◆ RECORDS FOR THIS EXERCISE ◆
..............................
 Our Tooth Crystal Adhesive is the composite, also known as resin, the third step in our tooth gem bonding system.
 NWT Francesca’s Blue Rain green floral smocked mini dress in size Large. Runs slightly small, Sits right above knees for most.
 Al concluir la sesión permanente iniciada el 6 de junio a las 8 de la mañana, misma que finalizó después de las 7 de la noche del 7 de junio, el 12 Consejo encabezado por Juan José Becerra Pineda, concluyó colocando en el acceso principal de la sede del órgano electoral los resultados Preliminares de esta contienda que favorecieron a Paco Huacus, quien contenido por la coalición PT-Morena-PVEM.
..............................
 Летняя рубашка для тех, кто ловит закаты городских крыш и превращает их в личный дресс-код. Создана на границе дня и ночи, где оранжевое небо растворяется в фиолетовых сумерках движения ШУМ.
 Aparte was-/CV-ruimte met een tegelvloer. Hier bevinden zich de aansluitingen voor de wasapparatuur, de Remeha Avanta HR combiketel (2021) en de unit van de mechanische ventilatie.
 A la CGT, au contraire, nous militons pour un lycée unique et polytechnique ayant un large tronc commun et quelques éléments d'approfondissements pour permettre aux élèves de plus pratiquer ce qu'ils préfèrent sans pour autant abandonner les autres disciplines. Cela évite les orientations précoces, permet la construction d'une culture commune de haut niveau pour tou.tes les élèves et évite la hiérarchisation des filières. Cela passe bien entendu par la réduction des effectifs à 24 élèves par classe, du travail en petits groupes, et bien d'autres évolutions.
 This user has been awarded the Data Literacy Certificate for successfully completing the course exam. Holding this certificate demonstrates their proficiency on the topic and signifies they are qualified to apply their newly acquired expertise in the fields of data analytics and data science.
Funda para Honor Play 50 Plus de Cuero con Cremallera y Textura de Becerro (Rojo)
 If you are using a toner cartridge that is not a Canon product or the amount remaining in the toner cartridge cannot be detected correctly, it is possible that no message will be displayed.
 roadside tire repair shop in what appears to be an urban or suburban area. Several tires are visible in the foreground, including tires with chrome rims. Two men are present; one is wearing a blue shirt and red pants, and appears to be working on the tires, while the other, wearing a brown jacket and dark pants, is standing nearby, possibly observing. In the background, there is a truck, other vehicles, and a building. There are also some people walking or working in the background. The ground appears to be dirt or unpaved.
..............................
◆ WHAT TO PRODUCE ◆
For this exercise, please output exactly the lines above starting at the line with "Our Tooth Crystal" and ending at the line with "NWT Francesca’s Blue", ends included.

◆ ANSWER SECTION ◆
 Our Tooth Crystal Adhesive is the composite, also known as resin, the third step in our tooth gem bonding system.
 NWT Francesca’s Blue Rain green floral smocked mini dress in size Large. Runs slightly small, Sits right above knees for most.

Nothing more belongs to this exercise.